British Consul-General in San Francisco
- In office 1945–1947
- Preceded by: Sir Godfrey Fisher
- Succeeded by: Sir William Meiklereid

Personal details
- Born: 6 July 1891
- Died: 31 December 1959 (aged 68) San Francisco
- Children: 3
- Occupation: Diplomat

= Cyril Cane =

British diplomat (1891–1959)

Sir Cyril Hubert Cane (6 July 1891 – 31 December 1959) was a British diplomat who served as consul-general in San Francisco from 1945 to 1947.
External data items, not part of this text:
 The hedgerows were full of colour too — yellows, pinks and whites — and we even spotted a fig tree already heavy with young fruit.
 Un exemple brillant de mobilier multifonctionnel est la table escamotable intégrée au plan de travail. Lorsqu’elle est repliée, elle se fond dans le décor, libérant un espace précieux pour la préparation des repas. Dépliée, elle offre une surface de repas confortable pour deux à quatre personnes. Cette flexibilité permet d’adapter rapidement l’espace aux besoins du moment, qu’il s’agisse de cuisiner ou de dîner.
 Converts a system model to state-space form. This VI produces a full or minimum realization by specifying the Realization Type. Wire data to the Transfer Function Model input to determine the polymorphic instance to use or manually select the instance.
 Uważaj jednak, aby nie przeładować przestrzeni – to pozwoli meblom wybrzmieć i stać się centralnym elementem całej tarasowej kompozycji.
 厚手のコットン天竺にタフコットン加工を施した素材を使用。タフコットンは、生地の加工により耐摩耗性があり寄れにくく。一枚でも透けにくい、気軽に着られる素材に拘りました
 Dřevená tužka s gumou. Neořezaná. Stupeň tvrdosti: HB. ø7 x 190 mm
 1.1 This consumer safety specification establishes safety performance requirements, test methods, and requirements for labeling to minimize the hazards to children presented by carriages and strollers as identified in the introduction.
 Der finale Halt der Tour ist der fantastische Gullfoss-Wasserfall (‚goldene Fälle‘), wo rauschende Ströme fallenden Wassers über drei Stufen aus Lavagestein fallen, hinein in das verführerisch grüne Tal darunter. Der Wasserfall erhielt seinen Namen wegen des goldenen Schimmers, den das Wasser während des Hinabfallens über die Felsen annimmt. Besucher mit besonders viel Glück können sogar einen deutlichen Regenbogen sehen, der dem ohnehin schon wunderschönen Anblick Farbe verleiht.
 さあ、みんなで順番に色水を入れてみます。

== Early life and education ==

Cane was born on 6 July 1891, the son of Dr Howard Cane and Alice Barrell. He was educated at Blackheath Proprietary School and Epsom College.

== Career ==

Cane was employed in the Consulate-General at Antwerp from 1908 to 1914. On the outbreak of World War I he was commissioned into the Royal West Kent Regiment, and served in Mesopotamia.

After the war Cane joined the Consular Service, and served as vice-consul at Addis Ababa from 1919 to 1922. From 1923 to 1928 he served as vice-consul at San Francisco. After a short period at the Department of Overseas Trade, he returned to San Francisco and was promoted to consul in 1929, a post he held until 1937. In 1939 he was transferred to Detroit, and was promoted to consul-general there in 1944. The following year, he returned to San Francisco as consul-general, a post he held until 1947, and in 1948 was transferred to Rabat where he held a similar appointment until he retired in 1951. He returned to San Francisco where he lived in retirement until his death.

== Personal life and death ==

Cane married Gertrude Lois, née Sancton, in 1922, and they had a son and two daughters.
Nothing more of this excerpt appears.